[Data excerpt]:
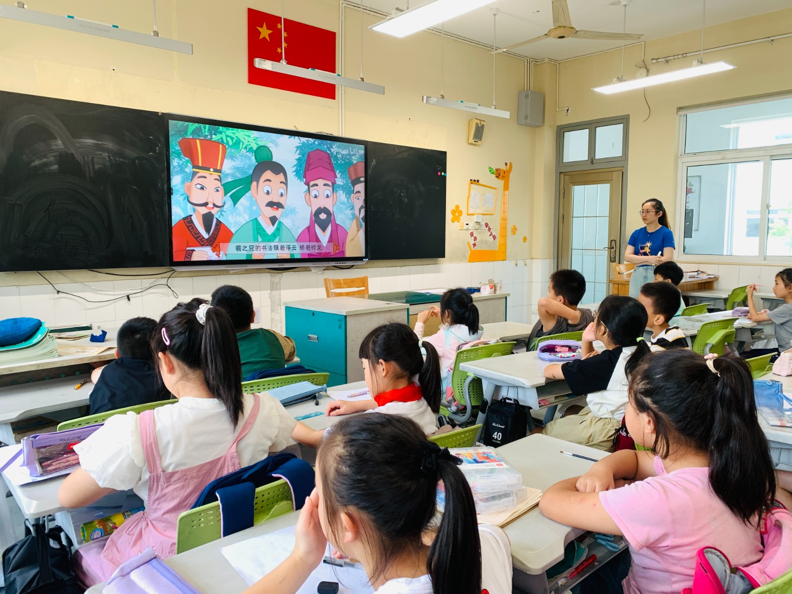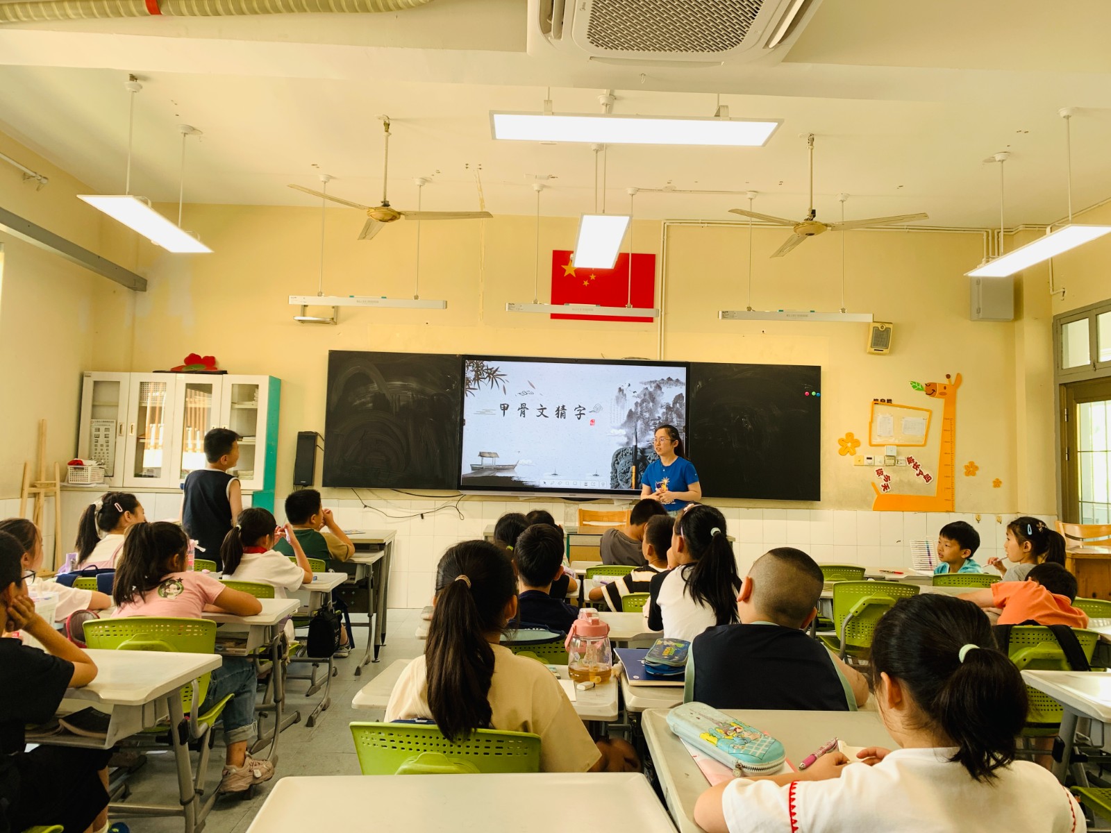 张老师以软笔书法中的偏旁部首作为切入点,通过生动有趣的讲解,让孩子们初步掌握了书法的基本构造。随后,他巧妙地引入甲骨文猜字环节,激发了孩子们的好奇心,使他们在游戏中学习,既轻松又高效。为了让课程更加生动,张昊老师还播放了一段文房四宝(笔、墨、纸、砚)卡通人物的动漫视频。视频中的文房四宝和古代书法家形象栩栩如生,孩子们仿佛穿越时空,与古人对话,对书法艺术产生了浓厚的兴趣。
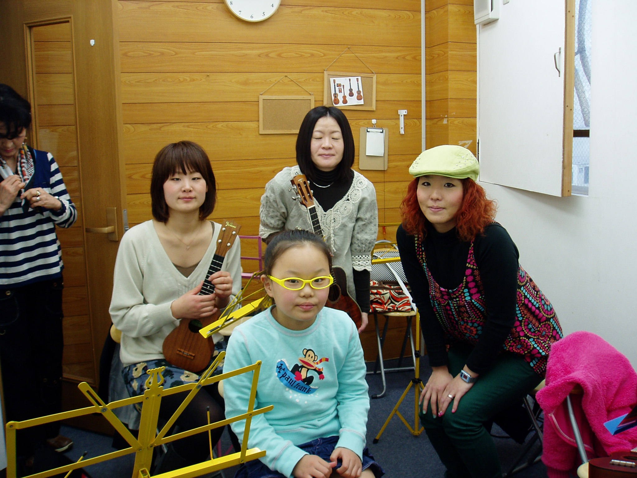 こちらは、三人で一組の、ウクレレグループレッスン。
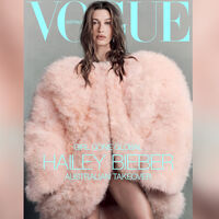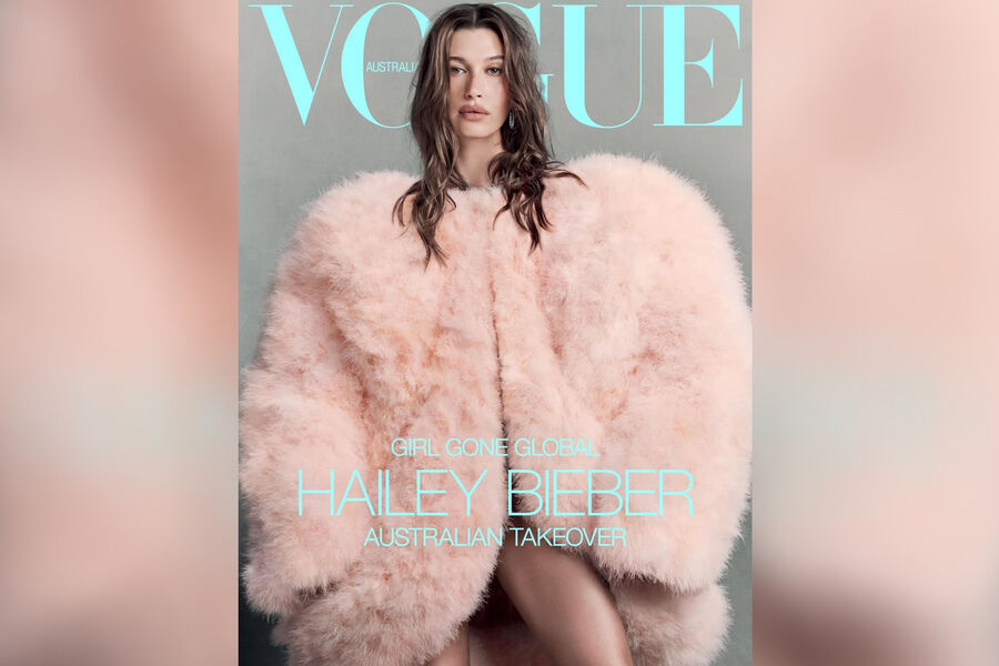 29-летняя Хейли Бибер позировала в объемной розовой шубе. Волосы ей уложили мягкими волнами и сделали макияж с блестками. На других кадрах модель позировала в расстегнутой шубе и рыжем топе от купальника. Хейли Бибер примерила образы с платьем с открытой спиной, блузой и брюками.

[Task objective]: Nothing but an exact copy of the data, without its images, should make up your answer.

[Answer space]:
 张老师以软笔书法中的偏旁部首作为切入点,通过生动有趣的讲解,让孩子们初步掌握了书法的基本构造。随后,他巧妙地引入甲骨文猜字环节,激发了孩子们的好奇心,使他们在游戏中学习,既轻松又高效。为了让课程更加生动,张昊老师还播放了一段文房四宝(笔、墨、纸、砚)卡通人物的动漫视频。视频中的文房四宝和古代书法家形象栩栩如生,孩子们仿佛穿越时空,与古人对话,对书法艺术产生了浓厚的兴趣。
 こちらは、三人で一組の、ウクレレグループレッスン。
 29-летняя Хейли Бибер позировала в объемной розовой шубе. Волосы ей уложили мягкими волнами и сделали макияж с блестками. На других кадрах модель позировала в расстегнутой шубе и рыжем топе от купальника. Хейли Бибер примерила образы с платьем с открытой спиной, блузой и брюками.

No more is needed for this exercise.